*What you will do:*
When you copy the material below, keep every line exact and omit the pictures.

::: Source data :::

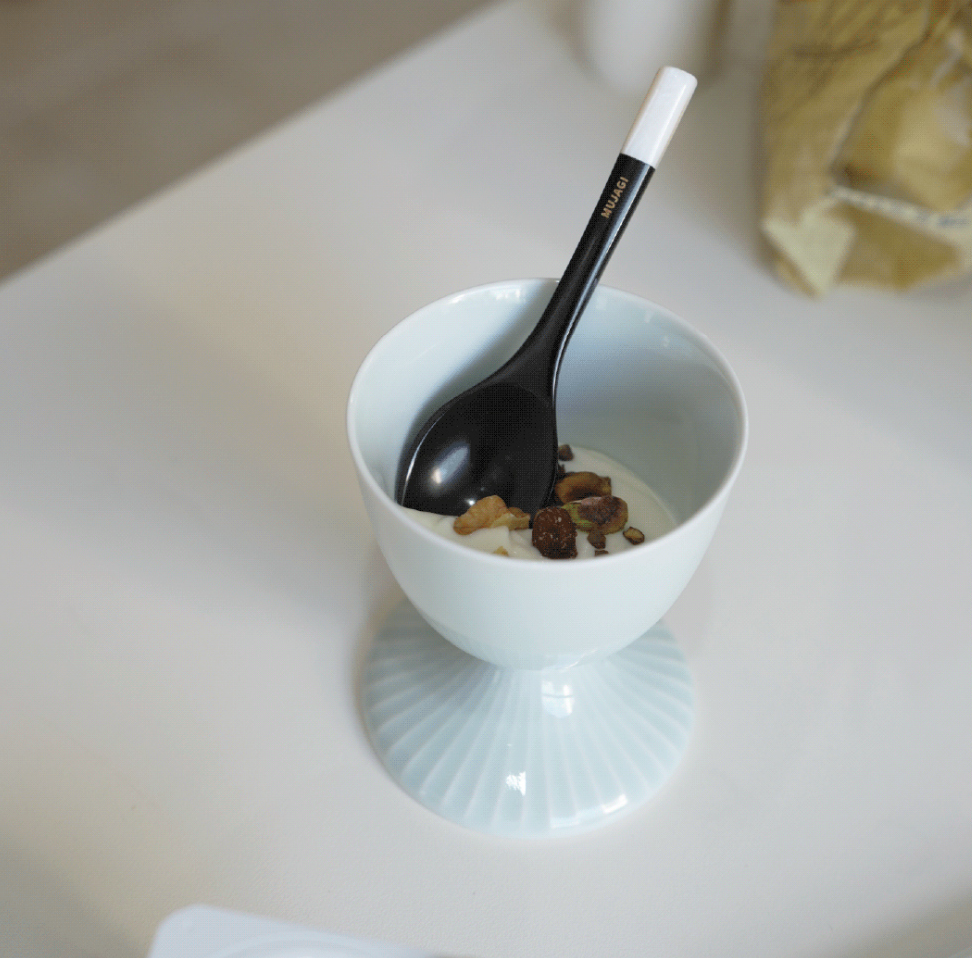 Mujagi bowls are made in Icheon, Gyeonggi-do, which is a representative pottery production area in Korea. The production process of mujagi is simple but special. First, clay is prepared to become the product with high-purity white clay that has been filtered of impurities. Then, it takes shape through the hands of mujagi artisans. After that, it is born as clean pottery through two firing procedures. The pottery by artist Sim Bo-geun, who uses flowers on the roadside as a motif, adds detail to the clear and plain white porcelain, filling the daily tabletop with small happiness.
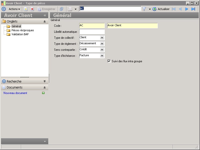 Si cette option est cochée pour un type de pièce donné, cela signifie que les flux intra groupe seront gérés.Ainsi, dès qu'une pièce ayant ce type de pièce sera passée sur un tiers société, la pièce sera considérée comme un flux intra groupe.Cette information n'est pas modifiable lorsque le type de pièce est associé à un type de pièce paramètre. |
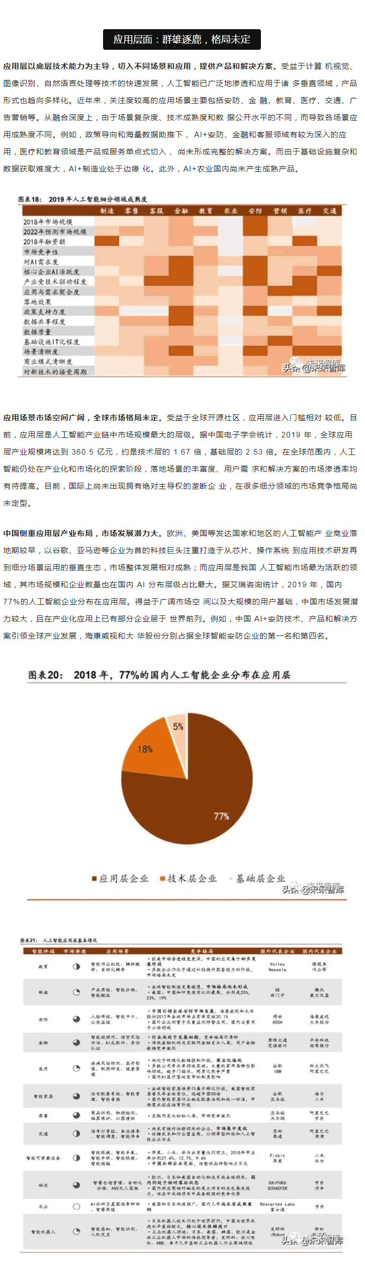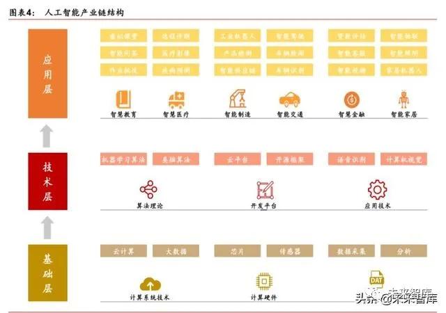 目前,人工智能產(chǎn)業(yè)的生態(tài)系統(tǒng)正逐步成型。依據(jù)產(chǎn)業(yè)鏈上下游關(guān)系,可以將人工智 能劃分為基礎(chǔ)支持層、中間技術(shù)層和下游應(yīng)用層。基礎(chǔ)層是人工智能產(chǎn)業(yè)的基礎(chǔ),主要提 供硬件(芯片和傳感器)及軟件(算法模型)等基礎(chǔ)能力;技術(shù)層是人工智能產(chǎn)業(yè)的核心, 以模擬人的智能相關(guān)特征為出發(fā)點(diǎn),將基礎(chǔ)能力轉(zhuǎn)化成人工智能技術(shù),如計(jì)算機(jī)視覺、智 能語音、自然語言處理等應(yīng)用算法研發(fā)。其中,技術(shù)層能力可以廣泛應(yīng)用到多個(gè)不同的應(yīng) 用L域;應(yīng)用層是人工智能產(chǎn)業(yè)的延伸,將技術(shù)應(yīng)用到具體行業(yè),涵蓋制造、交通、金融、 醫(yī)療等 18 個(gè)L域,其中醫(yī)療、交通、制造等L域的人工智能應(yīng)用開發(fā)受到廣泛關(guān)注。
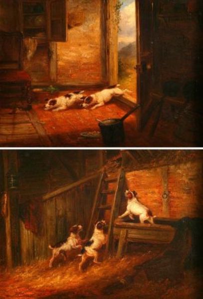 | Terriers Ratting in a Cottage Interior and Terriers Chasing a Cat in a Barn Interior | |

:::

*Result for this task:*
 Mujagi bowls are made in Icheon, Gyeonggi-do, which is a representative pottery production area in Korea. The production process of mujagi is simple but special. First, clay is prepared to become the product with high-purity white clay that has been filtered of impurities. Then, it takes shape through the hands of mujagi artisans. After that, it is born as clean pottery through two firing procedures. The pottery by artist Sim Bo-geun, who uses flowers on the roadside as a motif, adds detail to the clear and plain white porcelain, filling the daily tabletop with small happiness.
 Si cette option est cochée pour un type de pièce donné, cela signifie que les flux intra groupe seront gérés.Ainsi, dès qu'une pièce ayant ce type de pièce sera passée sur un tiers société, la pièce sera considérée comme un flux intra groupe.Cette information n'est pas modifiable lorsque le type de pièce est associé à un type de pièce paramètre. |
 目前,人工智能產(chǎn)業(yè)的生態(tài)系統(tǒng)正逐步成型。依據(jù)產(chǎn)業(yè)鏈上下游關(guān)系,可以將人工智 能劃分為基礎(chǔ)支持層、中間技術(shù)層和下游應(yīng)用層。基礎(chǔ)層是人工智能產(chǎn)業(yè)的基礎(chǔ),主要提 供硬件(芯片和傳感器)及軟件(算法模型)等基礎(chǔ)能力;技術(shù)層是人工智能產(chǎn)業(yè)的核心, 以模擬人的智能相關(guān)特征為出發(fā)點(diǎn),將基礎(chǔ)能力轉(zhuǎn)化成人工智能技術(shù),如計(jì)算機(jī)視覺、智 能語音、自然語言處理等應(yīng)用算法研發(fā)。其中,技術(shù)層能力可以廣泛應(yīng)用到多個(gè)不同的應(yīng) 用L域;應(yīng)用層是人工智能產(chǎn)業(yè)的延伸,將技術(shù)應(yīng)用到具體行業(yè),涵蓋制造、交通、金融、 醫(yī)療等 18 個(gè)L域,其中醫(yī)療、交通、制造等L域的人工智能應(yīng)用開發(fā)受到廣泛關(guān)注。
 | Terriers Ratting in a Cottage Interior and Terriers Chasing a Cat in a Barn Interior | |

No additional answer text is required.